*Given data*.
※
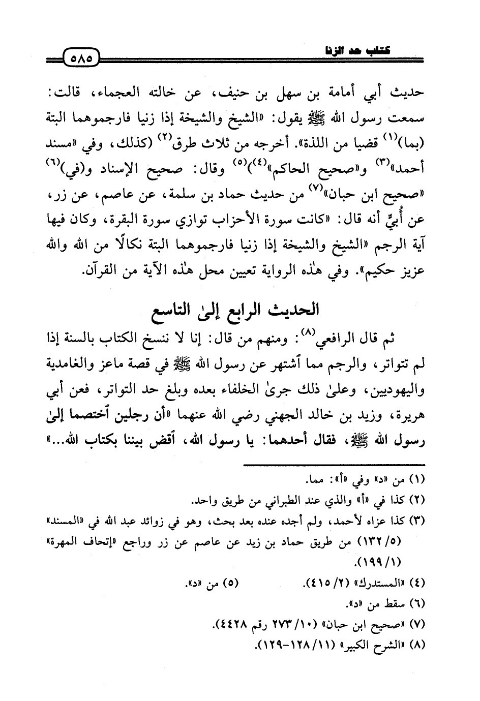 حَدِيث أبي أُمَامَة بن سهل بن حنيف، عَن خَالَته العجماء، قَالَت: سَمِعت رَسُول الله - صَلَّى الله عَلَيْهِ وَسلم - يَقُول: «الشَّيْخ وَالشَّيْخَة إِذا زَنَيَا فَارْجُمُوهُمَا الْبَتَّةَ (بِمَا) قضيا من اللَّذَّة» . أخرجه من ثَلَاث طرق (كَذَلِك، وَفِي «مُسْند أَحْمد» و «صَحِيح الْحَاكِم» ) وَقَالَ: صَحِيح الْإِسْنَاد و (فِي) «صَحِيح ابْن حبَان» من حَدِيث حَمَّاد بن سَلمَة، عَن عَاصِم، عَن زر، عَن أُبيٍّ أَنه قَالَ: «كَانَت سُورَة الْأَحْزَاب توازي سُورَة الْبَقَرَة، وَكَانَ فِيهَا آيَة الرَّجْم (الشَّيْخ وَالشَّيْخَة إِذا زَنَيَا فَارْجُمُوهُمَا الْبَتَّةَ نكالاً من الله وَالله عَزِيز حَكِيم (. وَفِي هَذِه الرِّوَايَة تعْيين مَحل هَذِه الْآيَة من الْقُرْآن.
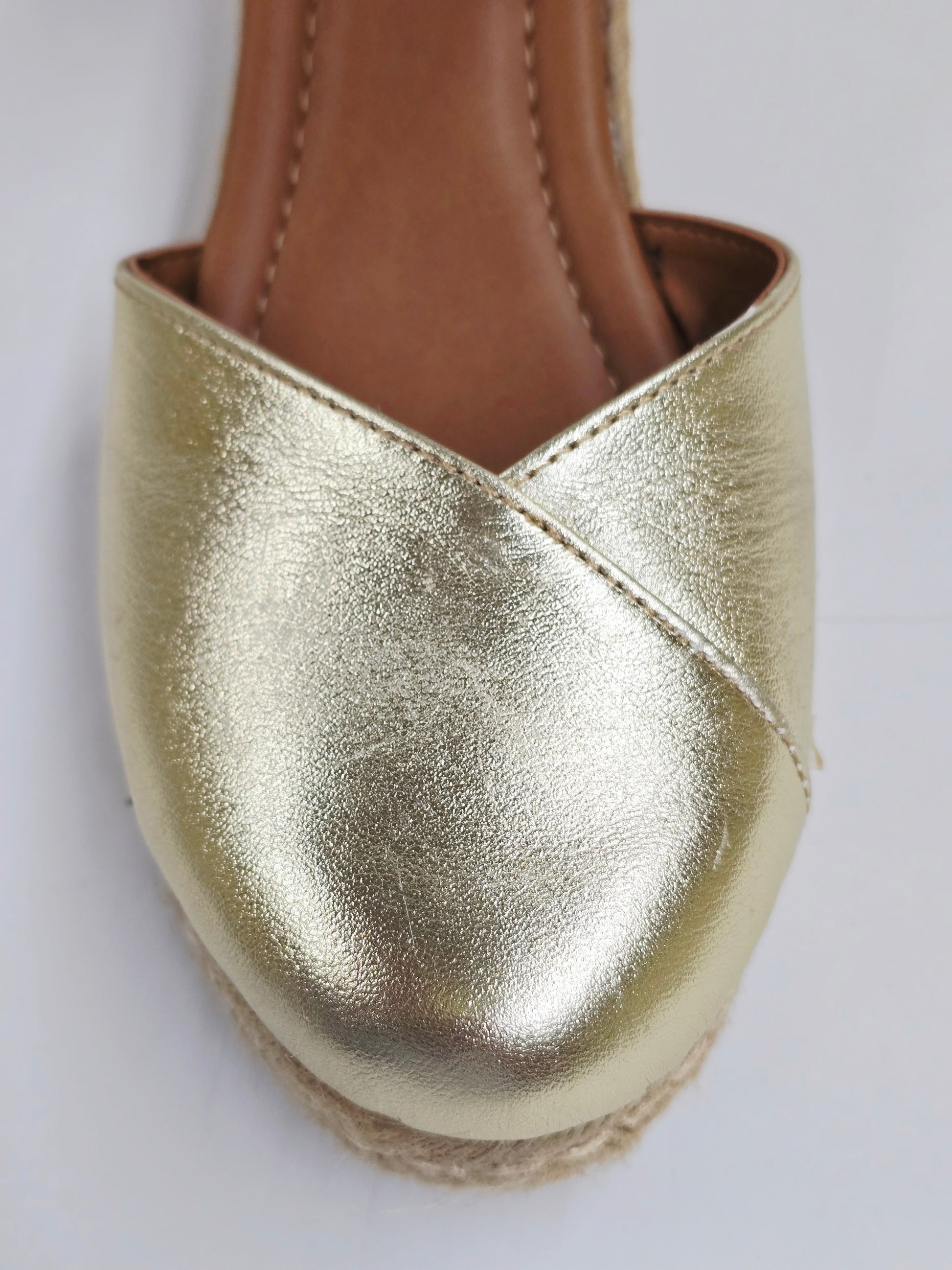 Las Alpargatas Beatriz en Oro Inglés combinan a la perfección comodidad y elegancia para el calzado diario. Fabricadas con piel genuina de alta calidad, ofrecen un ajuste ideal que permite la ventilación necesaria para mantener los pies frescos. Su tono sofisticado y diseño versátil facilitan su combinación con múltiples estilos. Su estructura liviana y flexible está diseñada para brindar comodidad durante actividades prolongadas, mientras que su textura suave garantiza una experiencia agradable al caminar. Pensadas para usarse todo el año, son una opción práctica y chic para quienes buscan unir moda y funcionalidad en cada paso.
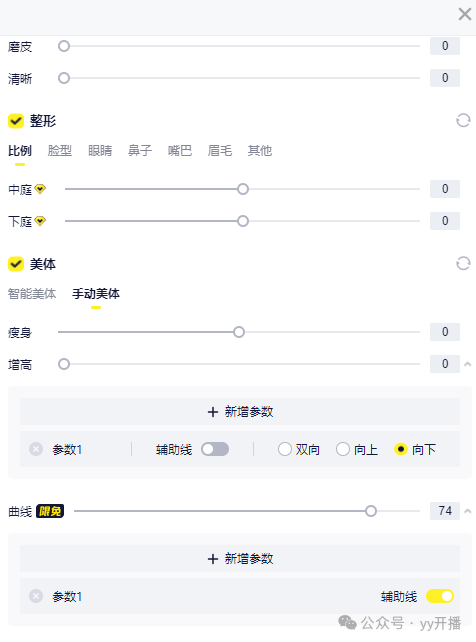 至于操作步骤,YY开播也延续了便捷易用的特点。主播只需在直播伴侣的美颜设置中,找到并勾选【美体】选项卡,选择【手动美体】下的曲线功能,再点击新增参数、勾选辅助线,将辅助线拉到要瘦身的位置,拉动曲线参数调节即可,简单几步就能开启专业美体体验。
※
*Work instructions*. For each line above, output its wording exactly and leave out any picture.

*Output of the exercise*.
 حَدِيث أبي أُمَامَة بن سهل بن حنيف، عَن خَالَته العجماء، قَالَت: سَمِعت رَسُول الله - صَلَّى الله عَلَيْهِ وَسلم - يَقُول: «الشَّيْخ وَالشَّيْخَة إِذا زَنَيَا فَارْجُمُوهُمَا الْبَتَّةَ (بِمَا) قضيا من اللَّذَّة» . أخرجه من ثَلَاث طرق (كَذَلِك، وَفِي «مُسْند أَحْمد» و «صَحِيح الْحَاكِم» ) وَقَالَ: صَحِيح الْإِسْنَاد و (فِي) «صَحِيح ابْن حبَان» من حَدِيث حَمَّاد بن سَلمَة، عَن عَاصِم، عَن زر، عَن أُبيٍّ أَنه قَالَ: «كَانَت سُورَة الْأَحْزَاب توازي سُورَة الْبَقَرَة، وَكَانَ فِيهَا آيَة الرَّجْم (الشَّيْخ وَالشَّيْخَة إِذا زَنَيَا فَارْجُمُوهُمَا الْبَتَّةَ نكالاً من الله وَالله عَزِيز حَكِيم (. وَفِي هَذِه الرِّوَايَة تعْيين مَحل هَذِه الْآيَة من الْقُرْآن.
 Las Alpargatas Beatriz en Oro Inglés combinan a la perfección comodidad y elegancia para el calzado diario. Fabricadas con piel genuina de alta calidad, ofrecen un ajuste ideal que permite la ventilación necesaria para mantener los pies frescos. Su tono sofisticado y diseño versátil facilitan su combinación con múltiples estilos. Su estructura liviana y flexible está diseñada para brindar comodidad durante actividades prolongadas, mientras que su textura suave garantiza una experiencia agradable al caminar. Pensadas para usarse todo el año, son una opción práctica y chic para quienes buscan unir moda y funcionalidad en cada paso.
 至于操作步骤,YY开播也延续了便捷易用的特点。主播只需在直播伴侣的美颜设置中,找到并勾选【美体】选项卡,选择【手动美体】下的曲线功能,再点击新增参数、勾选辅助线,将辅助线拉到要瘦身的位置,拉动曲线参数调节即可,简单几步就能开启专业美体体验。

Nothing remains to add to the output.